This use case document defines these actions in terms of the eventual systems we anticipate using the resultant specification.

Perhaps the most salient point about Decentralized Identifiers is that there are no "Identity Providers". Instead, this role is subsumed in the decentralized systems that Controllers use to manage DIDs and, in turn, Relying Parties use to apply DIDs. These decentralized systems, which we refer to as DID registries, are designed to operate independently from any particular service provider and hence, free from any given platform authority. It is anticipated that DIDs will be registered using distributed ledger technology (DLT).

In practice, the definition and operation of all current decentralized systems retain some elements of centralized control. Depending on the criteria one uses to evaluate such systems — from who controls the most widely used code base to who controls the specification — where a system resides on the spectrum of centralized and decentralized varies. However, the design of any decentralized identity system is separate from the academic debate about how decentralized it may be in practice.

The use cases presented below make use of a number of high level concepts as follows.

Note: Shared terminology

This section is automatically synchronised with the terminology section in the DID Core specification.
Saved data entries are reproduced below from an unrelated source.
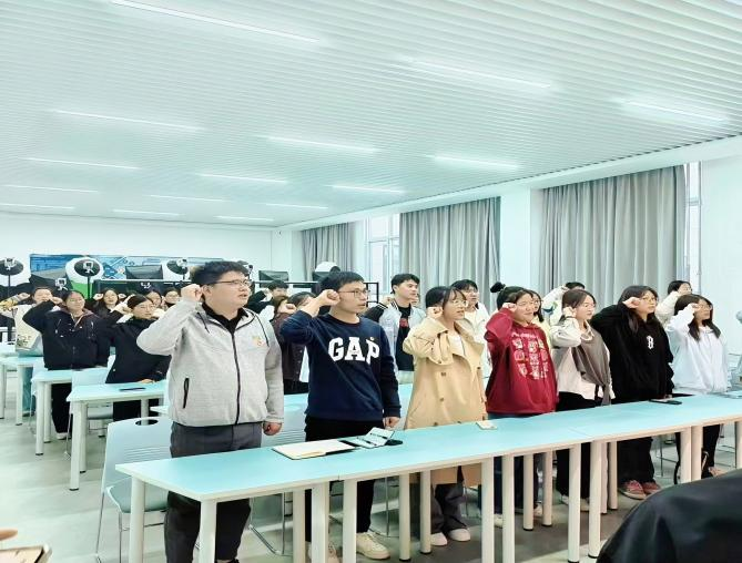 之后,全体党员重温入党誓词。在领誓人高玉晨同志的带领下,党员同志们面向党旗,举起右拳,庄严宣誓,铮铮誓词回荡在每一位党员的心中。
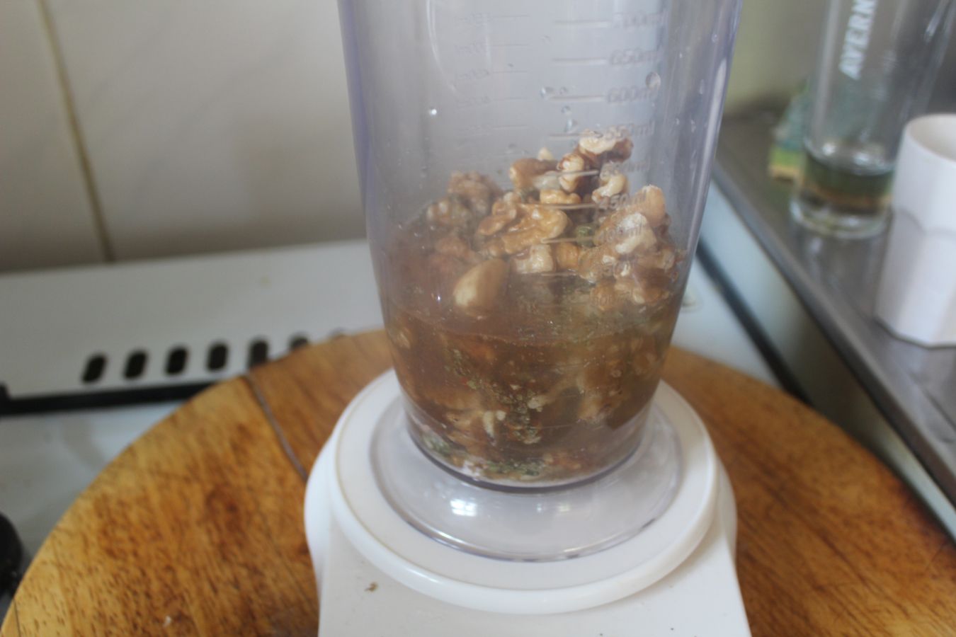 Jetzt schnell mit dem Pürierstab alle Zutaten zu einer Creme verarbeiten, die in der Wartezeit bis die Auberginen gebraten und abgekühlt sind, auch noch ein wenig anzieht, also dicker wird.
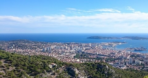 The Mont-Faron is THE mountain that towers above the harbor city of Toulon. You reach the summit either by taking a cable car, or by driving on a very narrow and scary mountain road. At its top stands a military museum celebrating the Allied liberation of France, a zoo, a church and plenty of roads and trails for nature lovers.
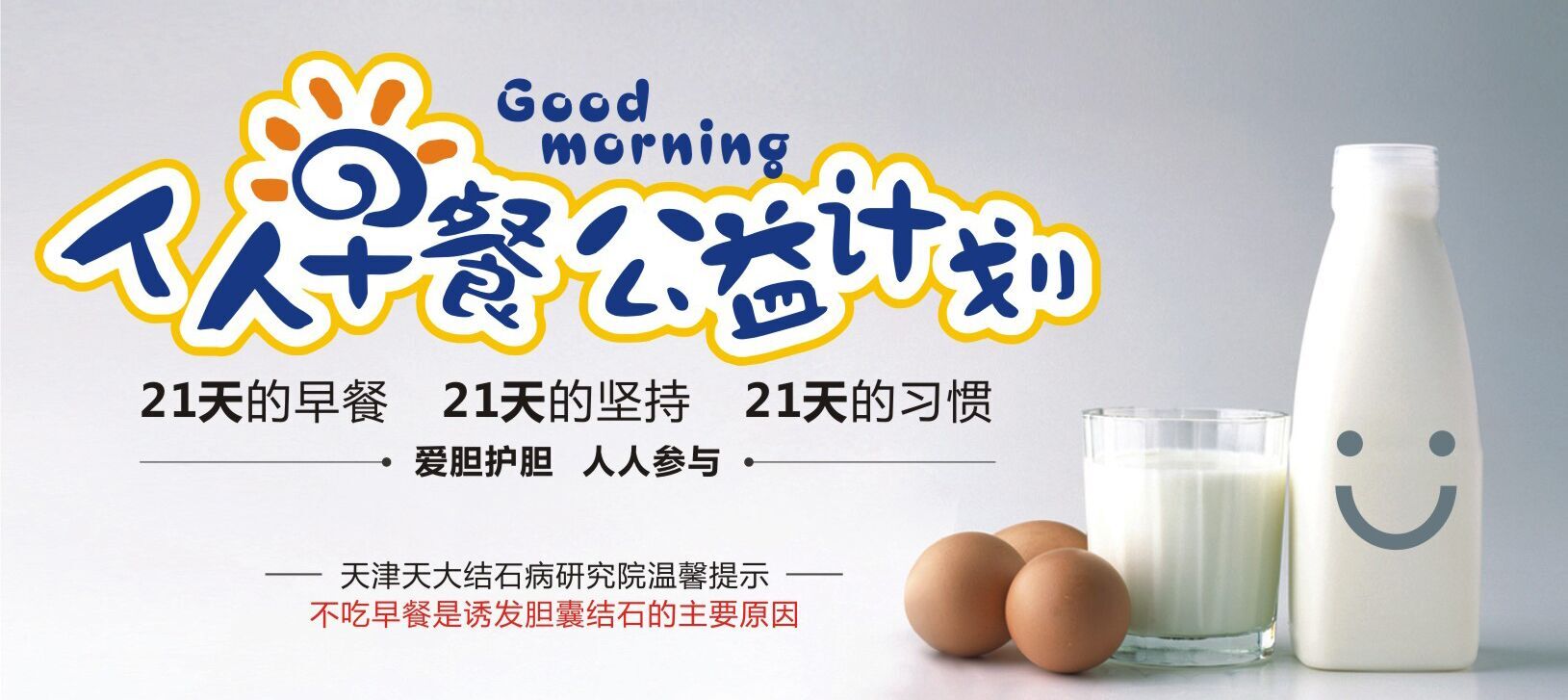 “人人早餐公益计划”是由天津天大结石研究院、天津百信医院联合发起的,旨在通过派发免费爱心早餐的公益方式,帮助大家养成吃早餐的好习惯,向全社会传播保护胆囊的理念。
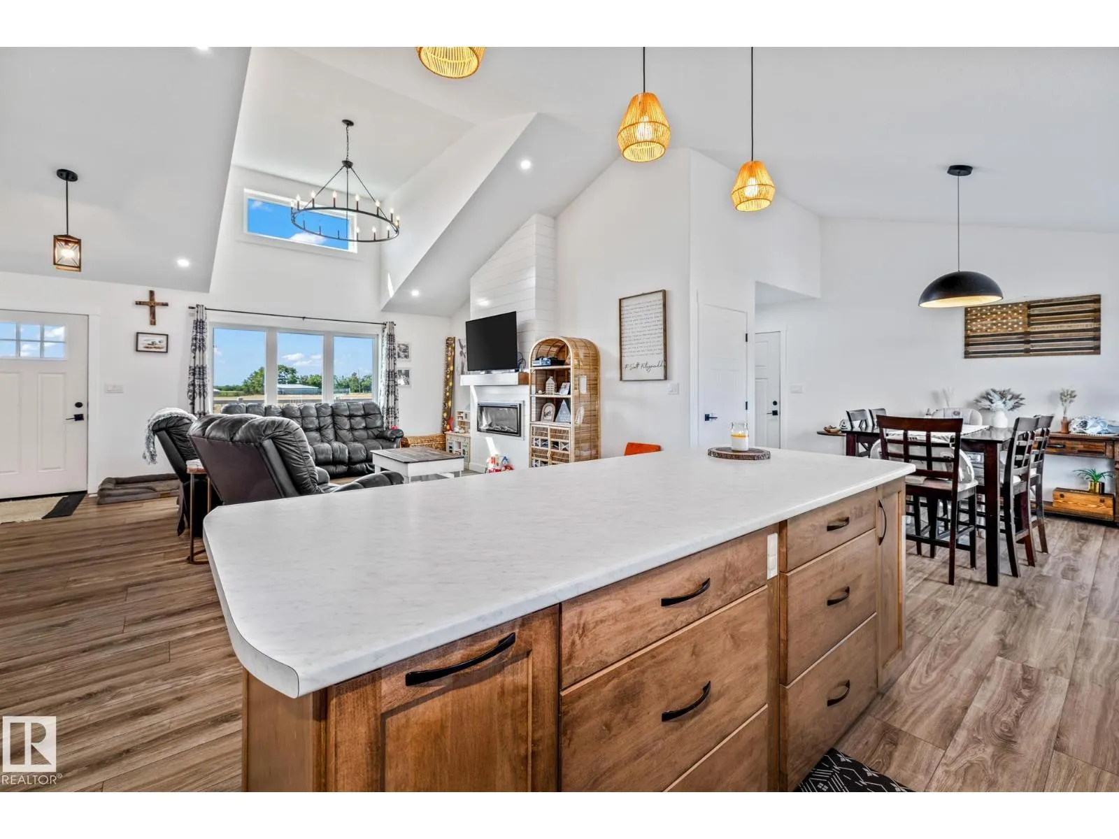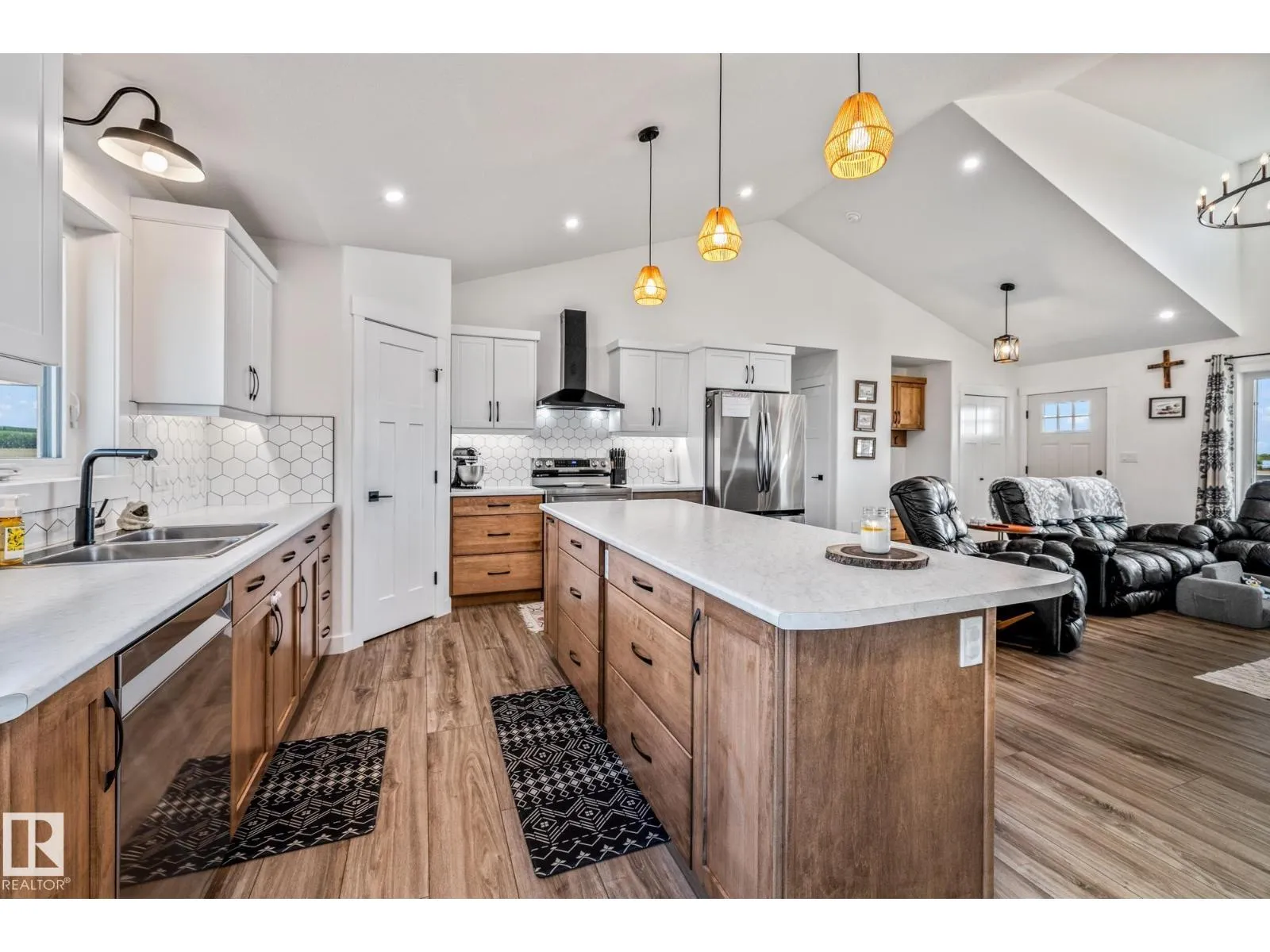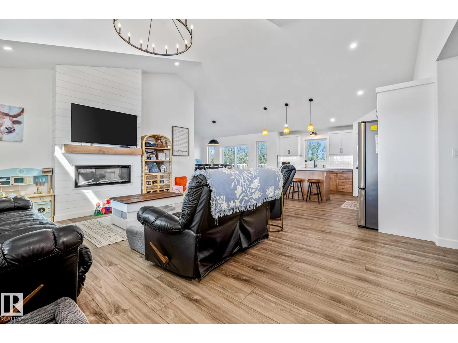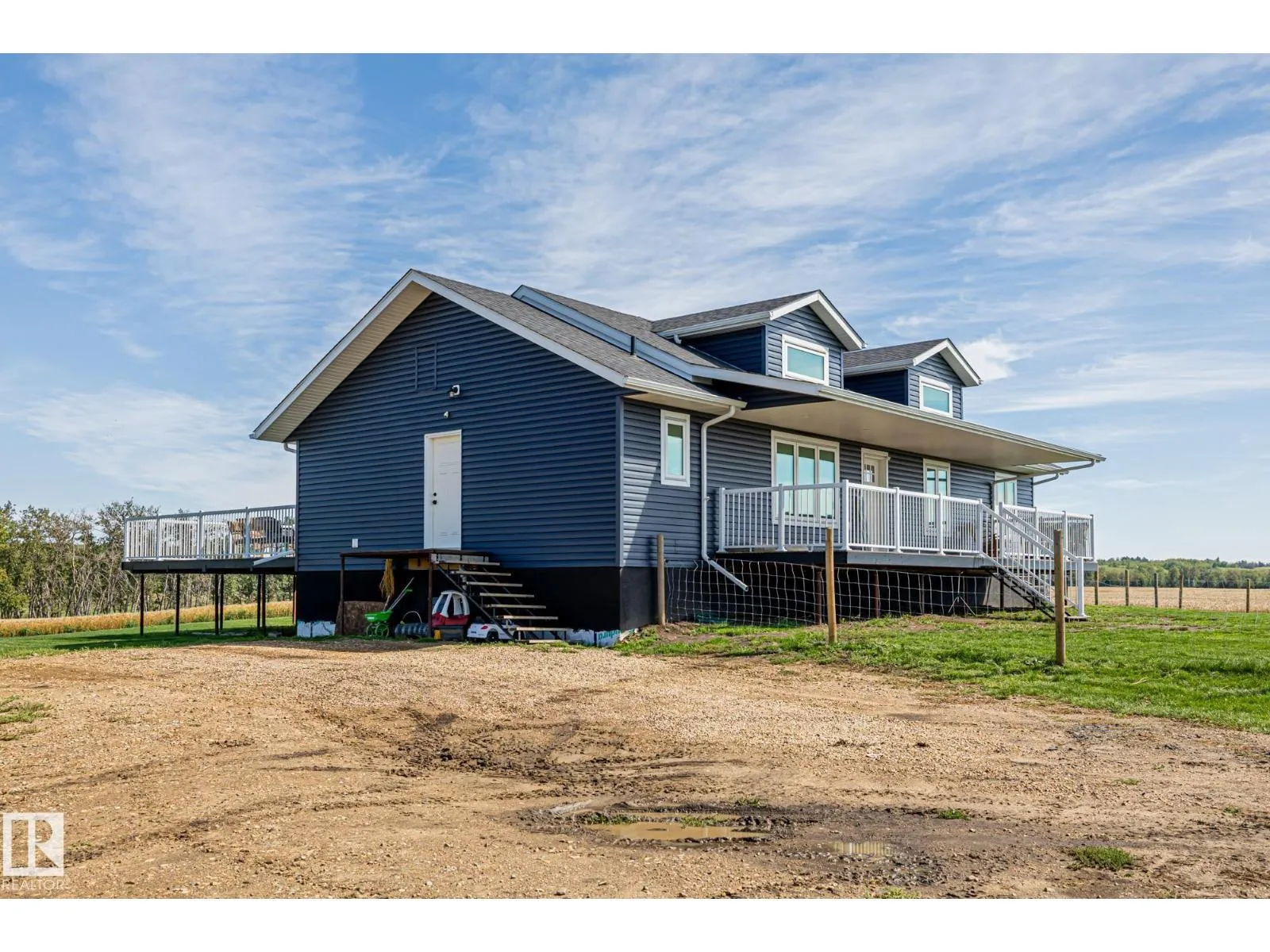 Enjoy peaceful acreage living just minutes from Smoky Lake on this stunning 12.38-acre property featuring a brand new bungalow with soaring vaulted ceilings and an abundance of natural light. This beautifully designed 3 bed, 2.5 bath home offers modern farmhouse charm with a spacious open-concept layout, beautiful countertops, luxury vinyl plank flooring, and a cozy fireplace in the living room. The bright kitchen includes stainless steel appliances, a large island with seating, and sleek two-tone cabinetry. The private primary suite offers a walk-in closet and elegant ensuite. Outside, enjoy wrap-around views of rolling fields, a massive deck, and fully fenced yard space perfect for kids or pets. Ideal for families or anyone looking to enjoy country living with modern comforts. (id:27476)

This document attempts to communicate the concepts outlined in the decentralized identifier space by using specialized terms to discuss specific concepts. This terminology is included below and linked to throughout the document to aid the reader:

decentralized identifier (DID)
A globally unique identifier that does not require a centralized registration authority because it is registered with distributed ledger technology (DLT) or other form of decentralized network. The generic format of a DID is defined in this specification. A specific DID scheme is defined in a DID method specification.
DID controller
The entity, or a group of entities, in control of a DID or DID document. Note that the DID controller might include the DID subject.
DID document
A set of data describing the DID subject, including mechanisms, such as public keys and pseudonymous biometrics, that the DID subject can use to authenticate itself and prove their association with the DID. A DID document might also contain other attributes or claims describing the subject. These documents are graph-based data structures that are typically expressed using [JSON-LD], but can be expressed using other compatible graph-based data formats.
DID fragment
The portion of a DID URL that follows the first hash sign character (#). DID fragment syntax is identical to the URI fragment syntax.
DID method
A definition of how a specific DID scheme can be implemented on a specific distributed ledger or network, including the precise methods by which DIDs are resolved and deactivated and DID documents are written and updated.
DID path
The portion of a DID URL that begins with and includes the first forward slash character (/). DID path syntax is identical to the URI path syntax.
DID query
The portion of a DID URL that follows the first question mark character (?). DID query syntax is identical to the URI query syntax.
DID registry
A role a system performs to mediate the creation, verification, updating, and deactivation of decentralized identifiers. A DID registry is a type of verifiable data registry. For more information, see [VC-DATA-MODEL].
DID scheme
The formal syntax of a decentralized identifier. The generic DID scheme is defined in this specification. Separate DID method specifications define a specific DID scheme that works with that specific DID method.
DID subject
The entity the DID document is about. That is, the entity identified by the DID and described by the DID document.
A DID plus an optional DID path, optional ? character followed by a DID query, and optional # character followed by a DID fragment.
distributed ledger (DLT)
A distributed database in which the various nodes use a consensus protocol to maintain a shared ledger in which each transaction is cryptographically signed and chained to the previous transaction.
Uniform Resource Identifier (URI)
An identifier, as defined by [RFC3986].
Universally Unique Identifier (UUID)
An identifier, as defined by [RFC4122].
Issue 14: What does it mean for a DID to be "recorded in a registry"? FPWD

The term DID registry is under discussion within the Working Group. A particular point to bear in mind is that not all DID methods require DIDs to be registered to be functional.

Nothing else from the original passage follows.